▶ **About this exercise**
Exclude the images, then return every line below exactly as written.

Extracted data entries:
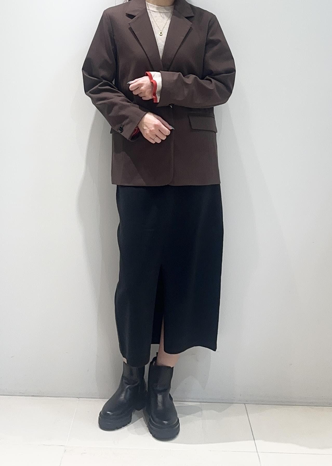 インナーは明るめカラーを合わせることで重たくなりすぎず、
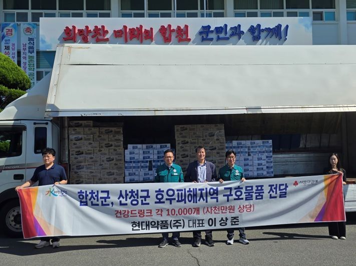 현대약품이 최근 집중호우로 큰 피해를 본 경남 합천군과 산청군 지역 주민들을 위해 구호 물품을 긴급 지원했다고 31일 밝혔다
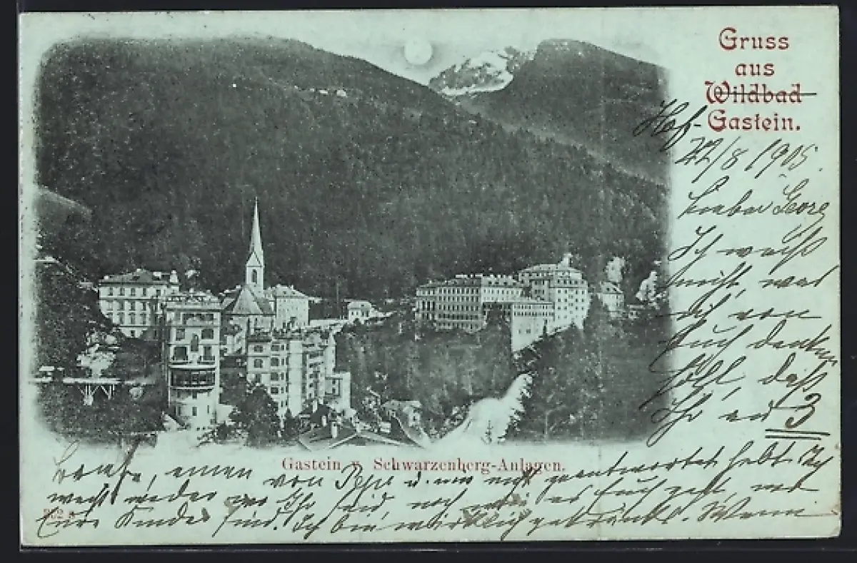 Mondschein-AK Bad Gastein, v. Schwarzenberg-Anlagen aus der Vogelschau
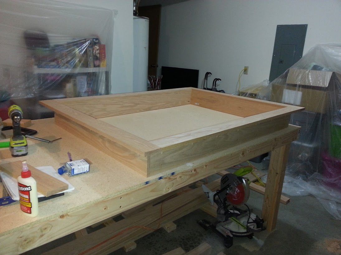 To completed the table he used a Miter Saw, Table Saw, Kreg Mini Pocket Jig, 2 clamps, 2 Drills, Electric sander and a bunch of patience. The interior is 53″ x 38.5″. With the top on, the table is 60″ x 45.5″. The Height is 31″ to the top and 24-3/4″ to the bottom of the sides. The game surface is a Micro Suade purchased from FashionFabricsClub.com and is great quality.
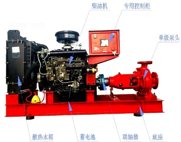 柴油機消防泵國標名稱為“工程用柴油機消防泵組”,國標型號為XBCL/Q 其中L為揚程值,Q為流量值。XBC型柴油機消防泵組是最新照國家標準為GB6245-2006《消防泵性能要求和試驗方法》。該系列產品揚程、流量范圍廣,完全能滿足倉庫、碼頭、機場、石油化工、電廠、液化氣站、紡織等工礦企業各種場合的消防供水。
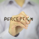 Man, Businessman, entrepreneur, stock trader, analyst or banker writes on transparent wall : Perception

▶ **Solved exercise**
 インナーは明るめカラーを合わせることで重たくなりすぎず、
 현대약품이 최근 집중호우로 큰 피해를 본 경남 합천군과 산청군 지역 주민들을 위해 구호 물품을 긴급 지원했다고 31일 밝혔다
 Mondschein-AK Bad Gastein, v. Schwarzenberg-Anlagen aus der Vogelschau
 To completed the table he used a Miter Saw, Table Saw, Kreg Mini Pocket Jig, 2 clamps, 2 Drills, Electric sander and a bunch of patience. The interior is 53″ x 38.5″. With the top on, the table is 60″ x 45.5″. The Height is 31″ to the top and 24-3/4″ to the bottom of the sides. The game surface is a Micro Suade purchased from FashionFabricsClub.com and is great quality.
 柴油機消防泵國標名稱為“工程用柴油機消防泵組”,國標型號為XBCL/Q 其中L為揚程值,Q為流量值。XBC型柴油機消防泵組是最新照國家標準為GB6245-2006《消防泵性能要求和試驗方法》。該系列產品揚程、流量范圍廣,完全能滿足倉庫、碼頭、機場、石油化工、電廠、液化氣站、紡織等工礦企業各種場合的消防供水。
 Man, Businessman, entrepreneur, stock trader, analyst or banker writes on transparent wall : Perception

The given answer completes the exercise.